2) Passive vents don't work at all presently, digital manifolds when selected at the dispenser dispense uvents, and pumps can stop working entirely if you toggle environment power. These are all things that were recently broken (expect for the digital manifolds).

 

Example:

 

I set up a turbine line, and rigged a pump connecting two pipes together. I had hacked the APC to toggle environment power to remove the air injector. The pipe before the pump had 4,500kPa. The pipe after had 0. I turned the pump on, at 4,500kPa. Gas did not move through the pump.

 

I replaced the pump with a volume pump. Nothing.

 

I replaced the pump with a passive pump. Nothing.

 

I toggled environment power again. Nothing.

 

As soon as I added a straight pipe to connect the line, gas went through. The only variable that I can really think of is the toggling of environment power before laying the pumps down. This is something recent, and started happening at the same time passive vents broke.

 

5) Alrighty, that makes a bit more sense.

 

8) The return won't quite be 12.5% as some aspects of LINDA are not going to be solely computational. The return in efficiency is likely smaller, but with that said we've got no real reason not to make the Atmos system as efficient as possible. Whether or not the degree of efficiency is negligible, we should still try to make as many savings as we can - small steps add up eventually.

 

"Rounding" of places occurs anyways regardless of the number of decimal places you have (unless the decimal places are zero), what this does is effectively remove an extra number from processing.
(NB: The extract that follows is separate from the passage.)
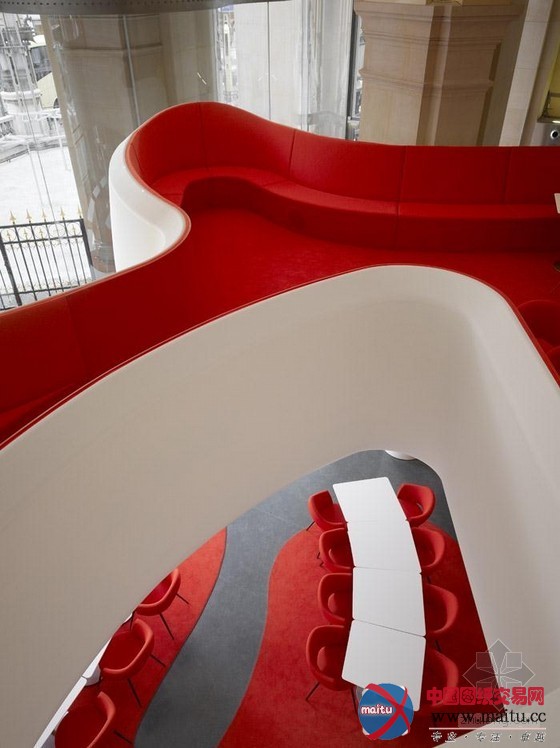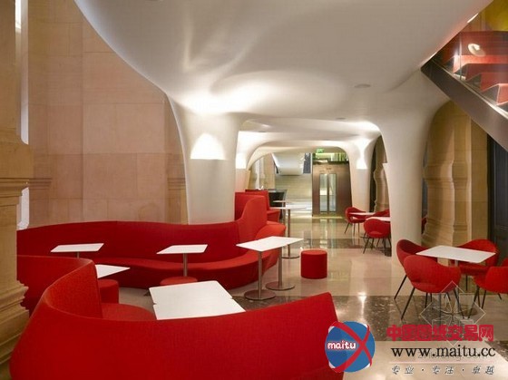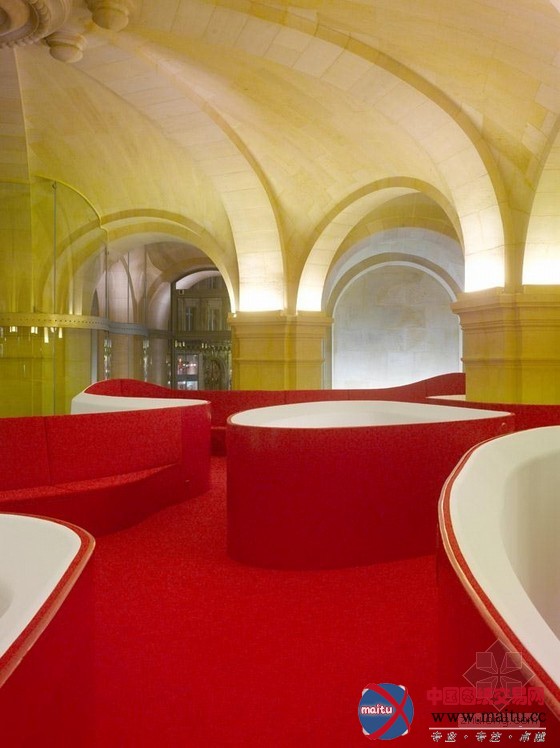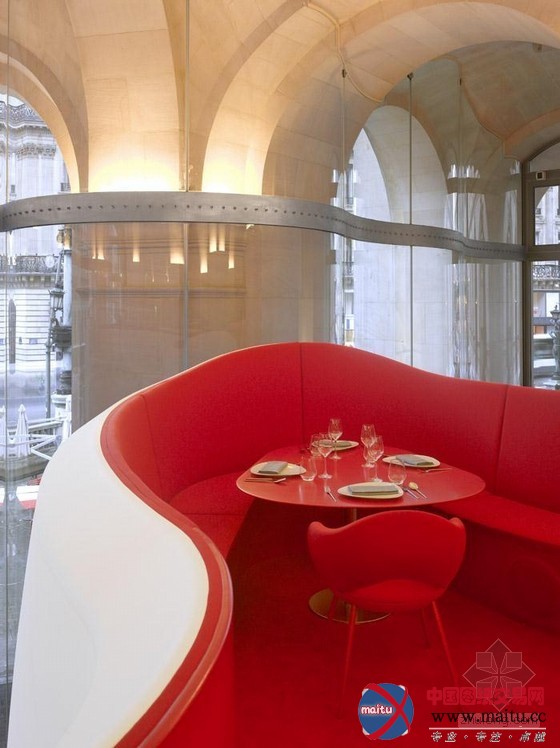 这是闻名的巴黎卡尼尔歌剧院,给大年夜家介绍的是餐厅计划。空中浮动着变化多端的曲线限定出了各个曲折起伏的用餐空间。在老修建中装修,计划师不承诺破坏任何布局---墙壁,柱子,天花板。窗户是波浪状的玻璃,内部供应90人的餐位。内部用石膏做出颇具将来感的云形体量,在超卓的曲线转变中,构成起伏,拱门,卷盖。限定出开放恍惚的空间。上层采取热和的赤色色调,这里是密切的私家空间,红地毯一向舒展到基层黑色地面。这是一个没有摹拟陈腐的空间,采取尊敬的立场,同时又具有当代性的立场。

Instead of rounding at the hundredth thousandth place, you round at the ten thousandth. Depending on how Dreamweaver spooky script works, rounding may not even occur at all - much like in C++ where nothing is calculated beyond the defined decimal place. (It simply doesn't calculate beyond the number of decimal places defined. No rounding occurs.)

 

5.574 is easier to compute than 5.5743, even if just marginally. As I said, it would drop computational weight by 12.5% at best - which isn't necessarily an uptick in performance by 12.5% overall (The actual net savings in performance are probably under 1% considering how fast a processor can do math). I just see having a ten thousandth place as being moot in terms of game mechanics, and needless computation.

 

I'm not sure how Dreamweaver spooky script works, but in most scripting languages defining the amount of decimal places you calculate is really, really simple and generally involves changing one number, or adding one line.